Bellevue Police Chief Steve Mylett
Bellevue Police Chief Steve Mylett City of Bellevue

The Bellevue chief of police has been cleared of sexual assault.

In July of this year, an unnamed 44-year-old Issaquah woman complained to Bothell Police Department that Bellevue Police Chief Steve Mylett sexually assaulted her in the fall of 2016. Chief Mylett was placed on paid leave at the beginning of August while the claims were investigated by Bothell police. The investigators, however, concluded that not only did Mylett not sexually assault that complainant, but there was also no evidence that the two had been in contact. Investigators also say that emails supplied by the accuser to bolster her claims were doctored.

“Investigators concluded there was no probable cause to show that Mr. Mylett committed any crime,” reads a press release posted on the city of Bothell’s website this week. “In addition, there was no substantiated evidence to prove there was ever any contact between the complainant and Mr. Mylett.”

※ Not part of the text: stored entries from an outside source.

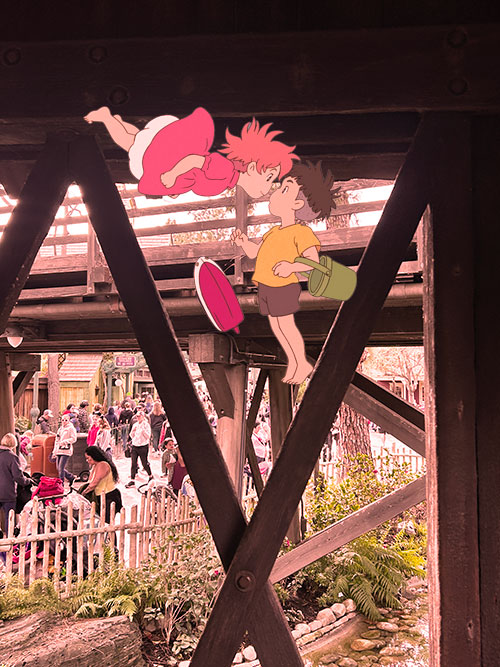 Victoriously, Ponyo found Sosuke! She found him near a creek, he was playing with his little toy boat. They both are so happy and relieved. Yay!
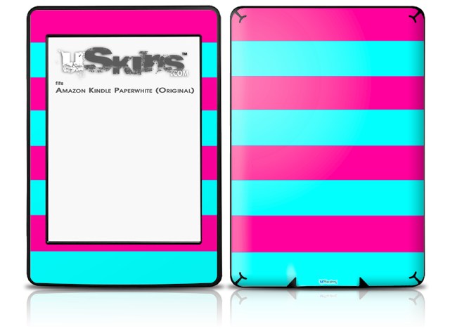 Psycho Stripes Neon Teal and Hot Pink - Decal Style Skin fits Amazon Kindle Paperwhite (Original)
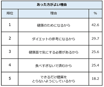 ※「あった方がよい理由」で提示した選択肢:ダイエットの参考になるから、食べすぎないで済むから、健康のためになるから、健康面で気にする必要があるから、できるだけ糖質をとらないようにしているから、できるだけ脂質をとらないようにしているから、足りない栄養素を後で補えるから、その他、特にない
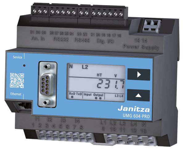 Power Analyser (UL)Versorgungsspannung: 95 .. 240V (45-65Hz); 135 .. 340V DC Messkategorie: 300V CATIII 4 Spannungsmesseingänge, 4 Strommesseingänge Messbereich: L - N: 10 -300V; L - L: 17 - 520V; 45 - 65Hz Stromwandler: ../1, ../5A 2 Digitaleingänge, 2 Digitalausgänge 1 Temperatur-Messeingang Zusatz-Speicher: 128MB Flash Schnittstellen: RS232, RS485 Schnittstelle: Profibus DP V0Schnittstelle: Ethernet 10/100 BaseTXInkl.Web-Server sowie folgenden APP`s:APP Messwertmonitor: Grafische Darstellung von online & historischen Messwerten APP IEC 61000-2-4 Watchdog Light PRO: Überwachung der Spannungsqualitäts-Grenzwerte nach IEC 61000-2-4Programmiersoftware „ GridVis Basic” download: www.janitza.de/gridvis-download.htmlIm Lieferumfang enthalten: Art.Nr.: 0801505, Cross-Patch-Kabel, CAT5e, 2m,Art.Nr.: 5200008, RS485 Abschlusswiderstand 120OhmArt.Nr.: 3303338 Schnelleinstieg UMG 604 inkl. Sicherheitshinweise inkl. Software-GridVis Schnelleinstieg UMG 604

According to the Seattle Times:

The woman claimed that she and Mylett had met on a fetish website for people seeking “aggressive” sex. They agreed to meet in October or November of 2016 for an encounter involving bondage but without intercourse, the police report said.

She alleged that Mylett broke that boundary and sexually assaulted her. She gave Bothell police the address of a home Mylett and his wife had rented in 2016 and claimed the assault took place there.

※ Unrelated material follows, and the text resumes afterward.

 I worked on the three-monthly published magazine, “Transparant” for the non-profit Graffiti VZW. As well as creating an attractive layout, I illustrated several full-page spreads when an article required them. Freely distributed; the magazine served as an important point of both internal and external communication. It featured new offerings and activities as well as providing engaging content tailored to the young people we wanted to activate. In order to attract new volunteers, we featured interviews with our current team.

As evidence of the alleged assault, the woman gave police the underwear she wore that day, the report said.

A DNA test later showed that the woman’s DNA was on the underpants, as was the DNA of three other individuals, but not that of Mylett, according to the police report.

Further investigation also showed that Mylett and his wife were not living in the rental house during the time of the alleged assault.

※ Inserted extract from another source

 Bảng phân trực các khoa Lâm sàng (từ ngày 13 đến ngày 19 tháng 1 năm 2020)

The case is being sent to the King County prosecutors for review: According to KOMO News, it's possible the accuser will be charged with perjury, evidence tampering, and making false statements. She has previously accused two other Bellevue officers with sexual assault, but both cases were later dropped when investigators found she fabricated evidence.

You often hear (or read) that "Almost No One is Falsely Accused of Rape," as a recent headline in the Cut put it. But is that true? While the exact number of false rape accusations is unknown (and maybe unknowable, if you include allegations not reported to authorities), a 2010 study of rape allegations at a large university in the Northeast found that out of 136 reported cases of sexual assault over at 10-year period, about 6 percent were false. The FBI puts the number a little higher (8 percent), and others—for instance, Katie Heaney, the author of the Cut article—put it significantly lower at 0.5 percent.

As for why people might falsely accuse someone of rape, a 2018 study looked at precisely this, and found that among 57 false rape allegations made to the Dutch National Police, "Complainants were primarily motivated by emotional gain," as well as "material gain, alibi, revenge, sympathy, attention, a disturbed mental state, relabeling, or regret." Some allegations, the researchers concluded, were fabricated to cover up other behaviors, including adultery or even skipping school, but a surprisingly high number—20 percent—of false accusers "said that they did not know why they filed a false allegation."

What motivated the accuser in the Mylett case? Who knows, but if King County decides to prosecute, we might actually find out.